Oxycodone is metabolised primarily via the CYP3A4 pathways and partly via the CYP2D6 pathway (see section 5.2). The activities of these metabolic pathways may be inhibited or induced by various co-administered drugs or dietary elements. Targin doses may need to be adjusted accordingly.
CYP3A4 inhibitors, such as macrolide antibiotics (e.g. clarithromycin, erythromycin, telithromycin), azole-antifungal agents (e.g. ketoconazole, voriconazole, itraconazole, posaconazole), protease inhibitors (e.g. ritonavir, indinavir, nelfinavir, saquinavir), cimetidine and grapefruit juice may cause decreased clearance of oxycodone which could lead to an increase in oxycodone plasma concentrations. A reduction in the dose of these tablets and subsequent re-titration may be necessary.
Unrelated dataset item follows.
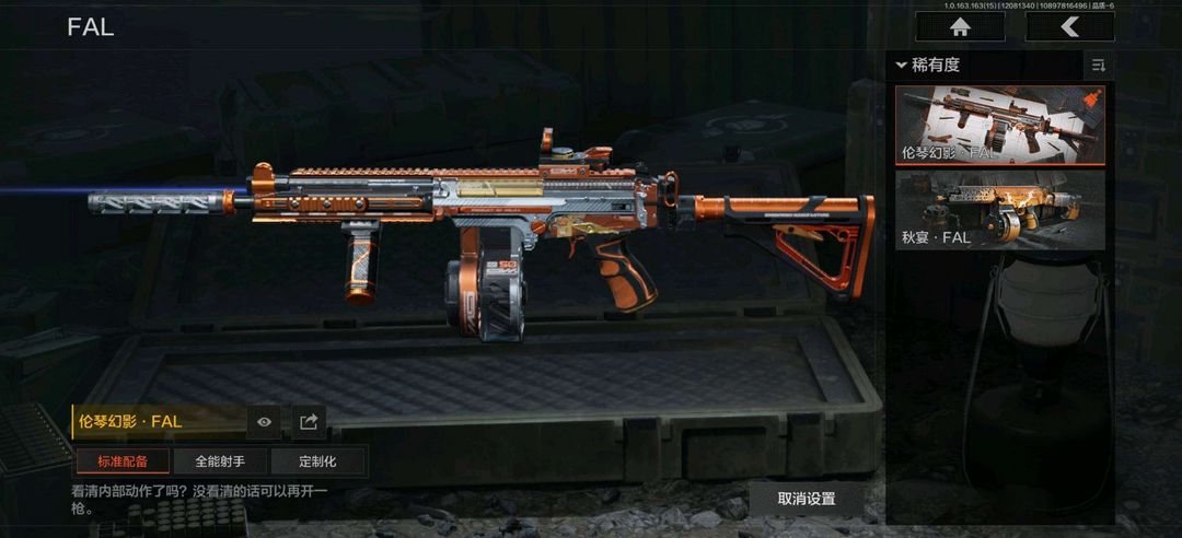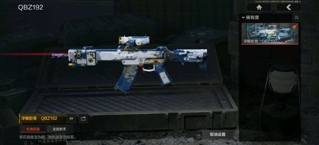 伦琴幻影FAL,包络战术AKM,告丧夜曲AUG,战术大师AEK,旗帜AEK,告丧夜曲AR57,战术大师AN94,旧王圣谕QBZ191,浮鳞影青QBZ192,骑士之剑AKM,逆火玄石AKM,缟兵玄墨AKM,来战AKM,历战AKM,潜渊蛇鳞M4A1,骤羽尖啸M4A1,幻域莎绫M4A1,鱼跃丹青DTMDR,竞技MDR,北国内卫MDR,鱼跃丹青AK102,快AR57,涂绘猎人AR57,无声暗月AR57,棱光裂变ACE31,骑士之剑ACE31,伦琴计量AN94,北国内卫AN94,典礼武备Groza,伦琴计量SCAR,巡林客T951,骑士之剑T03,利齿风暴T03,火绒AK12,典礼武备MCX,07式林地迷彩QBZ191;利齿风暴MPX,边缘矢量MP

CYP3A4 inducers, such as rifampicin, carbamazepine, phenytoin and St. John’s Wort, may induce the metabolism of oxycodone and cause increased clearance of the drug, resulting in a decrease in oxycodone plasma concentrations. Caution is advised, and further titration may be necessary to reach an adequate level of pain control.
Theoretically,medicinal products that inhibit CYP2D6 activity, such as paroxetine, fluoxetine and quinidine, may cause decreased clearance of oxycodone which could lead to an increase in oxycodone plasma concentrations. Concomitant administration with CYP2D6 inhibitors had an insignificant effect on the elimination of oxycodone and also had no influence on the pharmacodynamic effects of oxycodone.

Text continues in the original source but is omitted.